Risulta invece indagato Vittorio Pisani, capo della squadra mobile di Napoli, con l’accusa di favoreggiamento nei confronti dello stesso Iorio; i pm ritengono che Pisani abbia fornito notizie riservate sull’inchiesta in corso, consentendo così all’imprenditore di sottrarre beni al sequestro e di depistare le indagini: “il dirigente della Mobile – si legge nel comunicato diffuso dalla Procura di Napoli – si è fortemente speso in difesa dell’amico Iorio, tenendo comportamenti decisamente contrari ai doveri connessi con l’alto ruolo ancora oggi rivestito”. Altro addebito mosso al poliziotto è quello di non aver indagato, pur essendone a conoscenza, sul reimpiego da parte di Iorio di capitali illeciti prodotti dal riciclaggio e l’ usura praticati dal clan Lo Russo. Per Pisani è stato anche disposto il divieto di dimora a Napoli e sarà trasferito a Roma. Il procuratore capo Giandomenico Lepore descrive Vittorio Pisani come”un uomo brillantissimo, incappato in una disavventura forse per amicizia”.

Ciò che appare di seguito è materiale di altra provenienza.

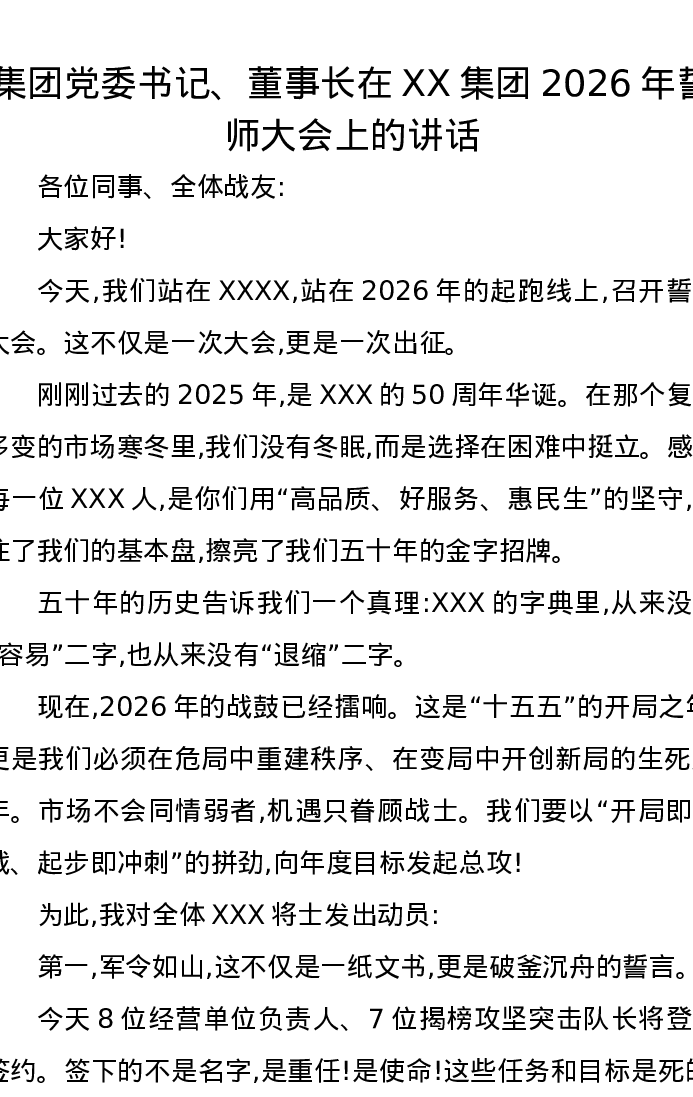 集团党委书记、董事长在XX集团2026年誓师大会上的讲话

Per le indagini sono stati sequestrati alcuni dei locali più noti di Napoli come il bar “Ballantine” e i ristoranti-pizzeria “Pizza Margherita” e “I re di Napoli” in via Partenope, la paninoteca “Dog Out” in piazza Municipio, il ristorante “Villa delle Ninfe” a Pozzuoli. L’inchiesta si è concentrata su un’ingente attività di riciclaggio e usura: i capitali illeciti entrati così in possesso dell’organizzazione, erano reinvesti, secondo l’ipotesi degli inquirenti, in catene di ristoranti, pub e bar. Sequestri ci sono stati anche a Genova, Bologna, Torino, Varese, Caserta.